There have been several open label studies addressing the issue of pain, a common NMS of PD and its response to DBS, using either STN or the GPi as targets (see Table 4). Loher et al.62 reported on the effect of unilateral and bilateral GPi DBS in 16 patients: evaluations documented at 3 months indicated pain relief, which was sustained at the 12-month follow-up.62 In another study, Kim et al.63 reported a positive outcome of pain after STN DBS that persisted after 2 years, although some patients developed de novo musculoskeletal pain.63 In their recently published study, the IPMDS NMS study group showed that after 6 months of STN DBS, there was significant reduction in pain scores as measured by the NMSS.23 It is worth noting that these studies do not specifically address the classification of pain in PD. On the other hand, Cury et al.64 investigated a cohort of 41 patients and tackled this issue specifically, reporting significant improvement in pain intensity after 1 year of STN DBS.64 The prevalence of pain decreased from 70 to 21% and the most improved types were dystonic and musculoskeletal pain while central and neuropathic pain did not change.
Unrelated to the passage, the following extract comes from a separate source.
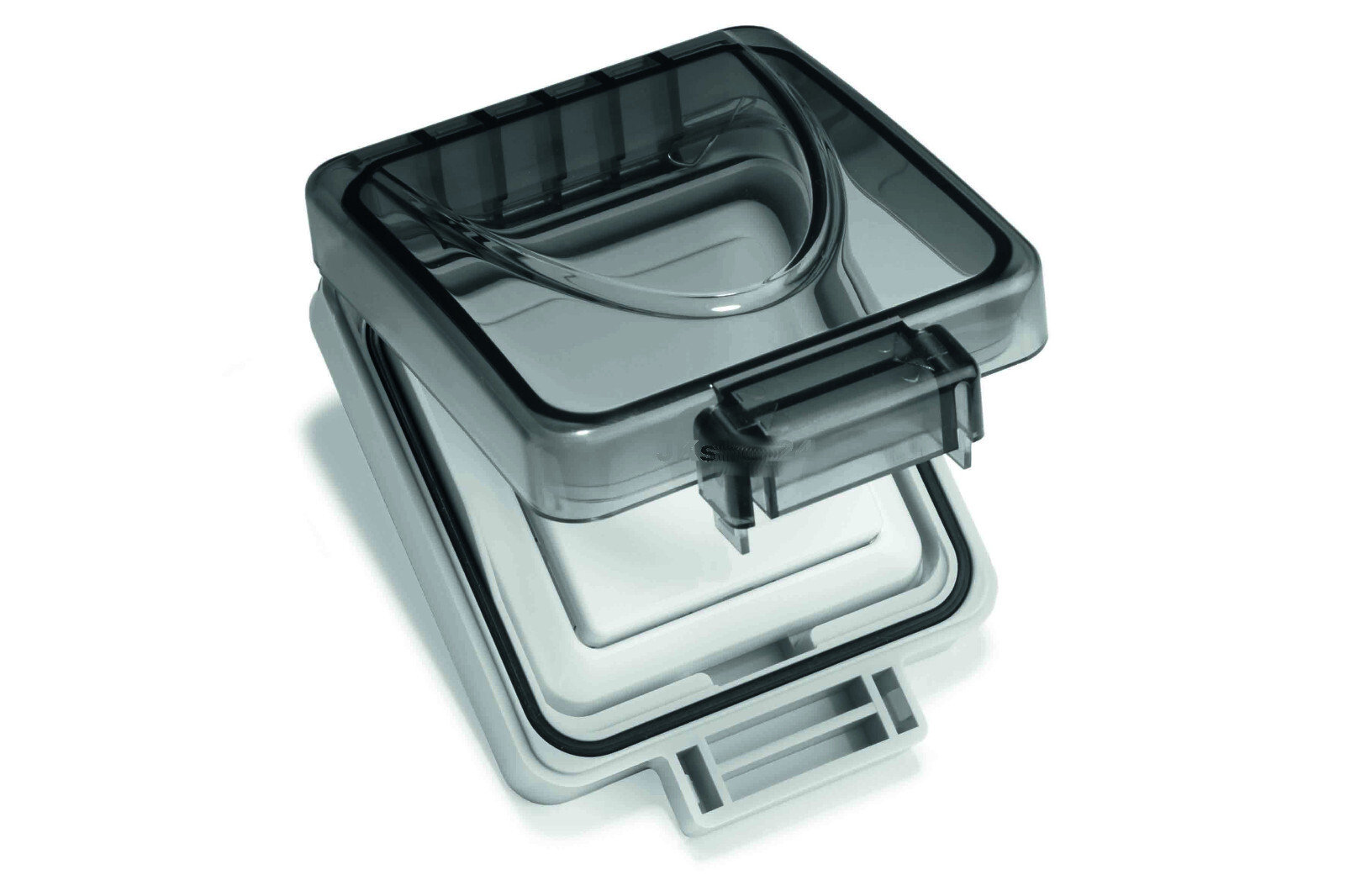 Wetterschutz-Kunststoffgehäuse mit milchglas-transparentem Deckel, ideal für den wettergeschützten Ausseneinsatz/Aufbewahrung von Intertechno-Empfängern/Sendern etc.

This supports previous findings with quantitative sensory testing describing that sensitivity to pain was not influenced by STN DBS and suggesting that DBS may have no direct modulation of central pain processing.65

Pain and DBS studies to date suffer from methodological limitations due to their open label nature and lack of a coherent tool to address the multifactorial nature of pain in PD that is currently possible with the recently validated King’s PD Pain Scale.66 There is only class III evidence supporting the benefit of DBS on pain and future randomized controlled studies should take into account the various types of PD-related pain as they may be influenced differently by DBS.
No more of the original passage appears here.